NEC acquired a full development license of GCOS as part of an agreement with Honeywell made in the 1960s and renewed in 1972. A few NEC engineers participate to GCOS 64 project as developers and the first ACOS4 release was almost identical to GCOS64. It differed only by a support of Japanese language, while their reference documentation stayed in English. NEC continued to have access to GCOS products in the 1970s, with the exception of HDSA products.

NEC used ACOS 4 on their high performance systems, including until 1985 where it was replaced by UNIX, on their supercomputer SX systems. They supported their own data communications systems and their own line of peripheral. They implemented paging, based on a 1974 common design with CHB, on their systems starting in 1980. 

NEC chose to design its interactive operation in a way inspired from IBM MVS. Networking adopted a mainframe centric architecture similar to SNA. Interactive processing was mapped on TSO architecture. Transaction processing was inspired from IMS/VS where a queuing server distributed transactions to specific servers organized by transaction type.

In 1985-1986, Bull renewed the cooperation with NEC, borrowing the design of the paging mechanism from them. However, both companies pursued their way on their software, exchanging presentations and ideas on innovative areas.

Conclusion

GCOS 64 and GCOS 7 were the successive names to the same continuous design. If other software systems showed a similar history, it is the only European software that had a comparable life: from old card batch oriented applications toward powerful transaction servers.
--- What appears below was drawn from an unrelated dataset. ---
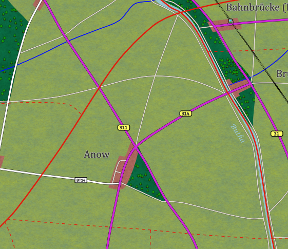 Ch.: B311 (SO: Nospunkt 13km, NW: Polla 10km); B314 (SW: Vorteil 11km, NO: Brücko 6km); BT14 (W: Gemsow)

It suffered from the complexity introduced by the layers of functions introduced with time, from limits due to the high cost of hardware at the origin, from some dogmatisms in some areas that were circumvented more than corrected. GCOS was overall designed and managed for manufacturer-designed software. It respected industry de facto interfaces (i.e. IBM) more than other Honeywell and Bull systems but it ignored for a too long time the world of open systems.

It will survive some time to the abandon of its genuine hardware designs by being hosted in a SMP Intel architecture (initially IA-32, eventually IA-64), coexisting on the same enclosure with operating systems of other servers, serving the applications now becoming obsolete or not performing enough under GCOS in an open networking environment.